Consistent with the positive correlation we calculated previously, a regression line with a positive slope is fitted to the data. We can extract the slope of the line by getting the coefficient using .coef_:

print(reg.coef_)
[[947619.16030932]]

This was only meant to be a demonstration of what could be done with the data that we scraped. Better models can definitely be generated, especially given the nature of the data. Just by looking at the fit above, we can see that the residuals will be heteroskedastic. There are also a small number of players with high career points per game but low salaries in the bottom right corner of the plot which are skewing the regression line.

Taking into account these caveats, the value of the slope is ~947619.16. This suggests that for every unit increase in points per game, the predicted salary paid to a player increases by $947,619.16! Looks like making that free throw really does count.

Conclusion

Here, I used Python to scrape ESPN for statistics on all the players in the NBA using the urllib and re packages. Then, I used pandas and scikit-learn to organize the data and calculate some summary statistics.

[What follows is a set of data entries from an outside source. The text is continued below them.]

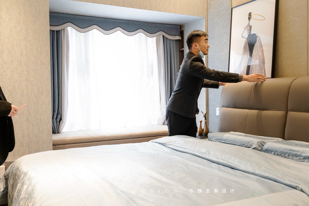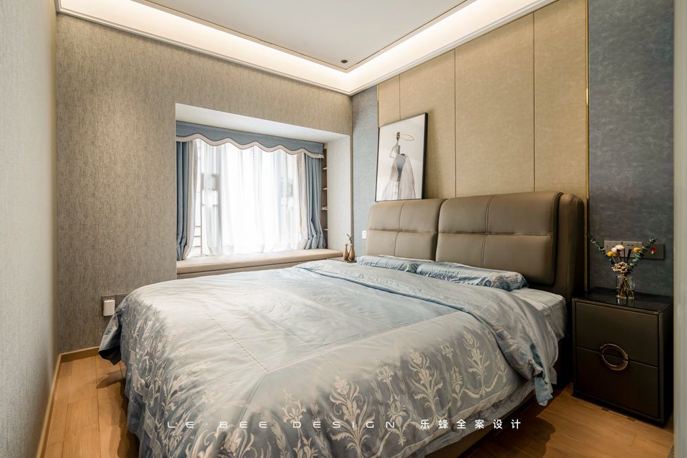 - 主臥實景圖 - 臥室在灰藍色的墻面基礎,掛上一幅北歐人物裝飾畫,布置淡藍色的真絲床鋪,簡潔素雅的床單布置,讓臥室充滿舒適輕松的氣息。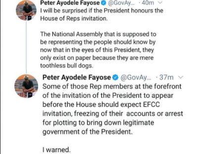 Reacting via his tweets, Fayose said the lawmakers demanding the citation should expect EFCC invitation, freezing of their accounts or arrest.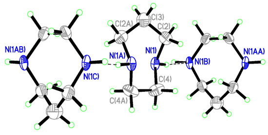 Crystal data for C5H12N2, M = 100.16 g mol−1, colourless prism, crystal dimensions 0.10 × 0.10 × 0.10 mm3, tetragonal, space group I–42d (No. 122), a = b = 7.208(2), c = 23.094(7) Å, α = β = γ = 90.00°, V = 1199.9(6) Å3, Z = 8, Dcalc = 1.109 g cm−3, T = 93 K, R1 = 0.0637, Rw2 = 0.1633 for 536 reflections with I > 2σ(I), and 37 variables, Rint 0.0374, goodness of fit on F2 1.137. Data have been deposited at the Cambridge Crystallographic Data Centre as CCDC 2049324. The data can be obtained free of charge from the Cambridge Crystallographic Data Centre via http://www.ccdc.cam.ac.uk/getstructures (accessed on 30 March 2021). The structure was solved by direct methods and refined by full-matrix least-squares against F2 (SHELXL Version 2018/3 [38]).
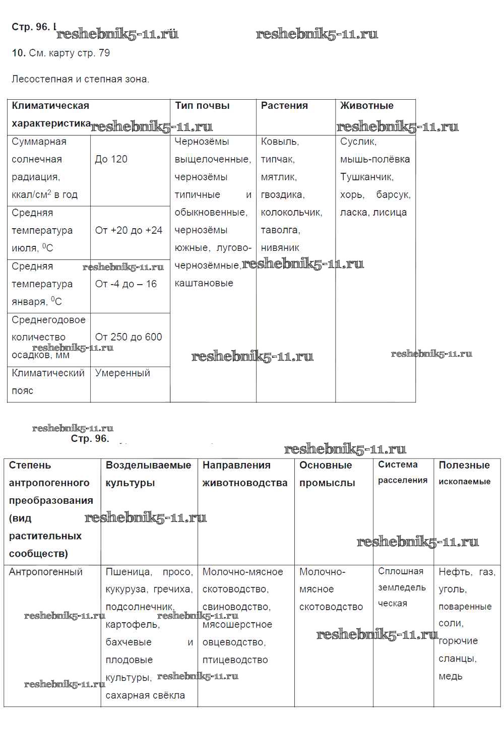 Готовая домашняя работа с ответами по Географии за 8 класс Ким, Марченко, Низовцев Рабочая тетрадь УМК Дрофа 2016 ФГОС - Страницы 96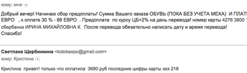 я уже не ждала это выкупа, и через 8 месяцев мне приходит сообщение что нужно оплатить платье и 100% , то которое я в августа заказывала и уже прям с расчетом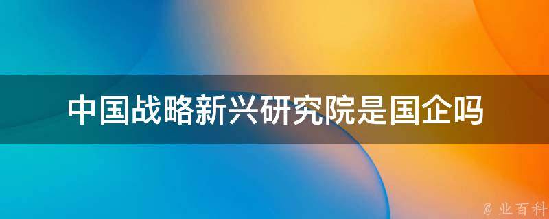 中国战略新兴研究院不是国企,是私营企业。中国新兴集团成立于1989年,该公司位于北京市海淀区,经营范围包括建筑地产和贸易物流等主营业务,兼营煤炭开采、宾馆餐饮、物业出租、资产管理等业务。其对外派追与其实力、规模、业绩相适应的国外工程项目所需劳务人员;承包与其实力、规模、业绩相适应的国外工程项目,承包境外工程及境内国际招标工程,进出口业务,机械槭电子设备、纺织品、服装鞋帽的硏制、生产、销售钢材、生铁、炉料、木材、水泥、化工材料的销售。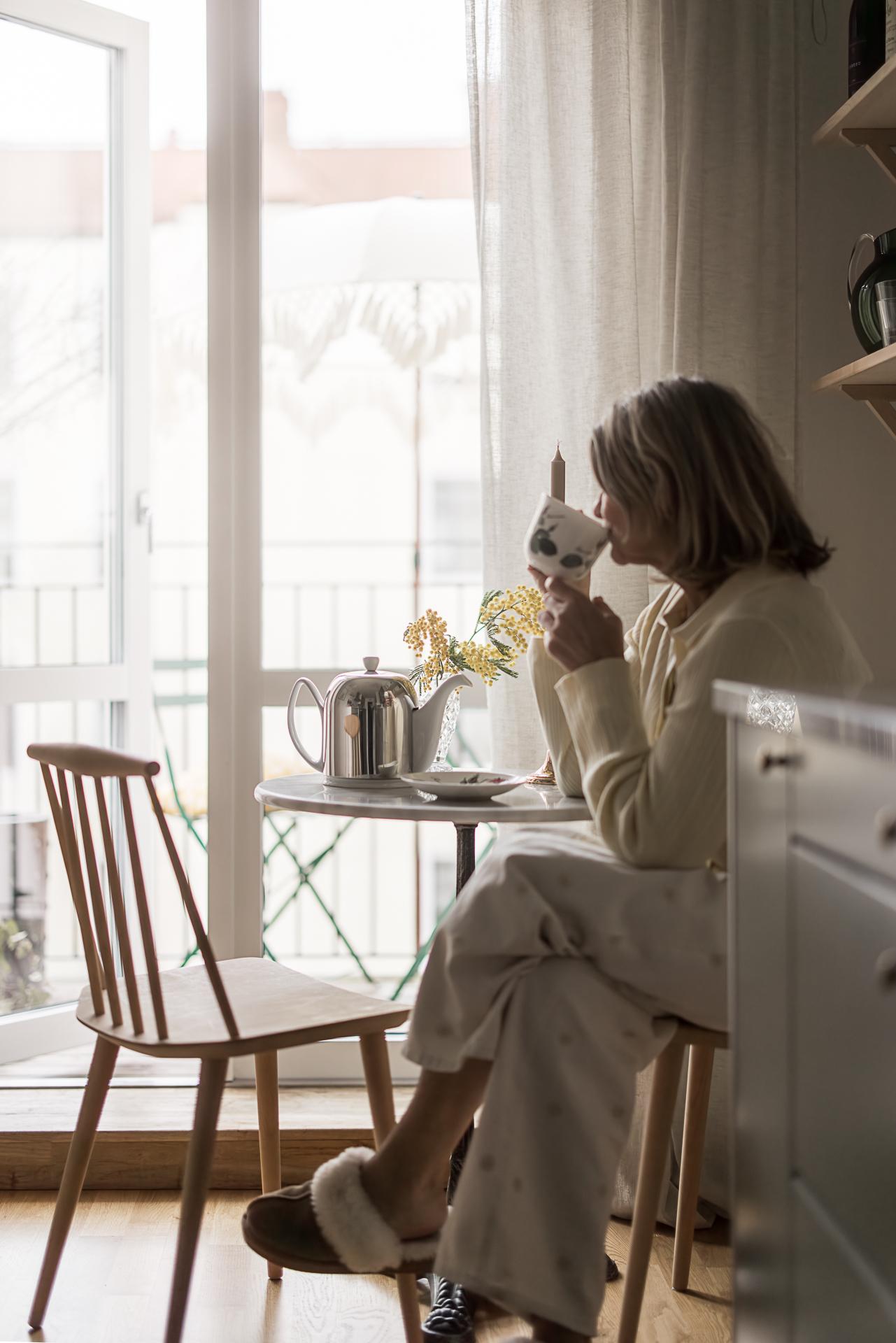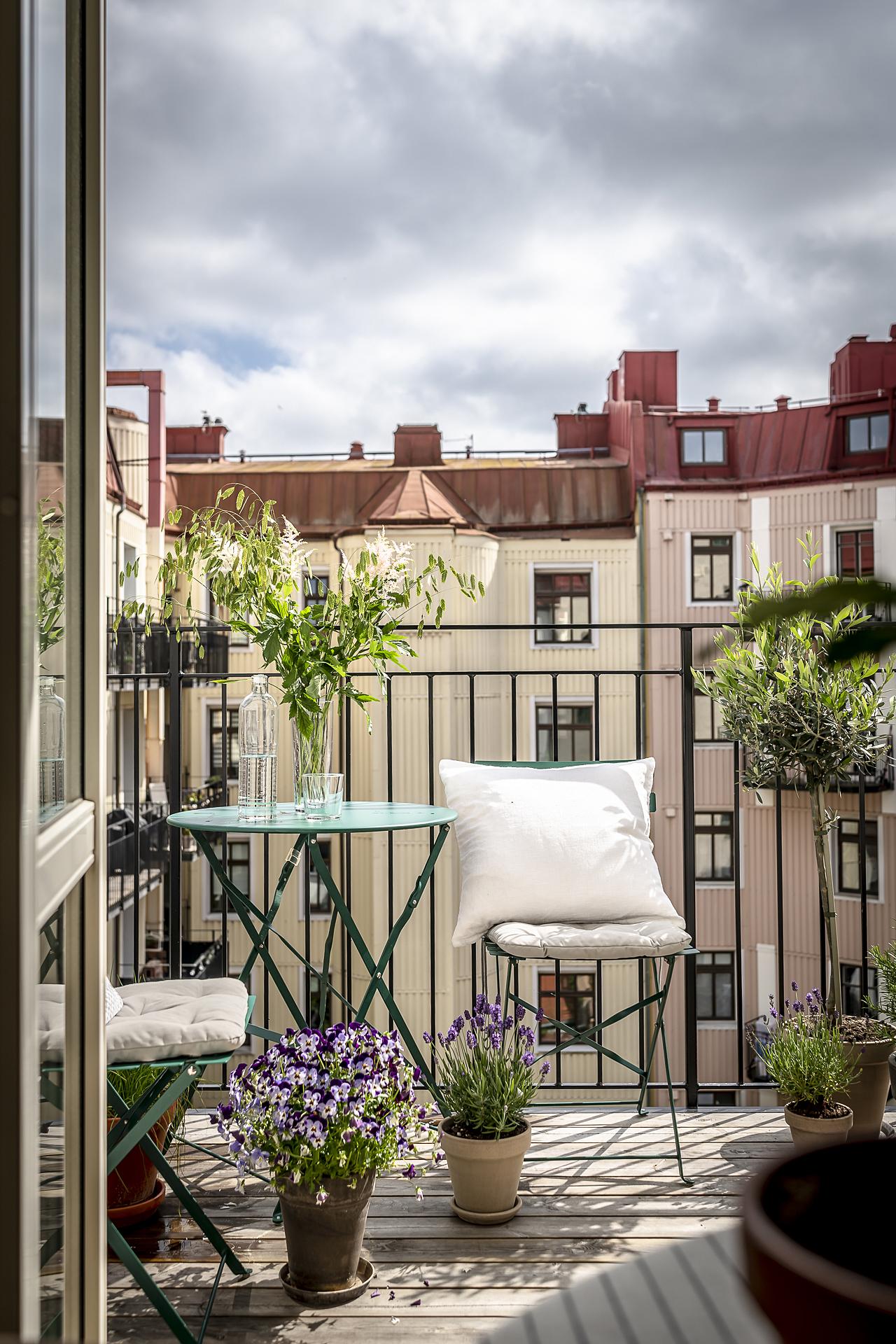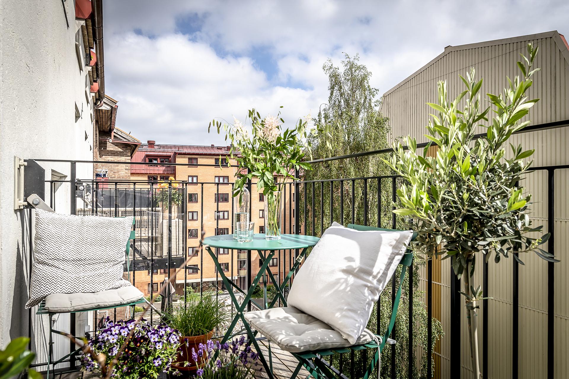 Med lugnt gårdsläge ligger köket som är en mycket trivsam plats med utgång till den fantastiska balkongen i rakt söderläge. Här uppe är himlen den närmsta grannen och balkongen blir snabbt en favorit med sitt soliga läge mot den öppna grönskande innergården. De glasade dörrarna står oftast öppna och suddar ut gränsen mellan ute och inne.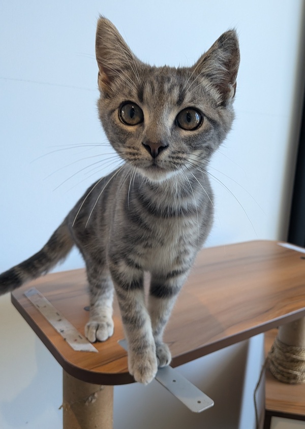 He's playful without being over the top, affectionate without being clingy, and brave enough to take life's surprises in stride. No matter your lifestyle, Tinsel is the kind of kitten who makes everything better-he's the perfect mix of fun and chill.

I hope what you've learned from this project will help you out on your own web scraping quests. The techniques that I've outlined here should be broadly applicable for other websites. In general, webpages that link to subpages within the same site will construct their links in some sort of standardized pattern. If so, you can construct URLs for the subpages and loop through them as we have done here. Next time you find yourself flipping through a website and copy-pasting, consider trying to automate the process using Python!